Member of Parliament
- Incumbent
- Assumed office 30 April 2026
- Preceded by: Salma Islam
- Constituency: Reserved Seat-49

Personal details
- Born: 1984 (age 41–42) Savar, Dhaka, Bangladesh
- Party: Bangladesh Khelafat Majlis
- Spouse: Awlad Hossain
- Children: 2
- Alma mater: Bangladesh University of Textiles
- Occupation: Politician, engineer

= Mahbuba Hakim =

Bangladeshi politician and Member of Parliament

Mahbuba Hakim (মাহবুবা হাকিম; born 1984) is a Bangladeshi engineer and politician. She is a member of parliament nominated by Bangladesh Khelafat Majlis from a reserved women's seat in the 13th Jatiya Sangsad as part of the 11 party alliance. She is also a member of the women's wing of Bangladesh Khelafat Majlis.
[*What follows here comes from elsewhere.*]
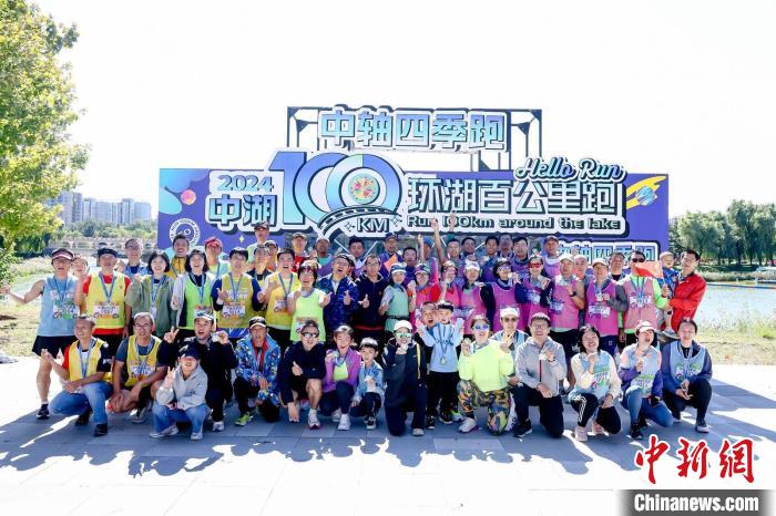 參加百公里環(huán)湖跑活動的跑者們合影。 龍?zhí)吨泻珗@供圖

==Early life and education==
She was born in 1984 in Savar, Dhaka. Her father was the late Abdul Hakim and her mother is Mahmuda Sultana. She completed her Secondary School Certificate (SSC) from Savar Cantonment Public School and College in 1999 and her Higher Secondary Certificate (HSC) from the same institution in 2001. She later earned a bachelor's degree in textile engineering from Bangladesh University of Textiles (BUTEX).

==Career==
Hakim has worked in several organizations in Bangladesh's textile sector, including Textile Birds Group, Anlima Textile Limited and Far East Knitting and Dyeing Industries Limited. She has experience in laboratory management and quality control. She is currently involved in religious education activities. In addition to managing Hifz and Maktab institutions, she is active in child education and various social development programs in the Paltan area of Dhaka.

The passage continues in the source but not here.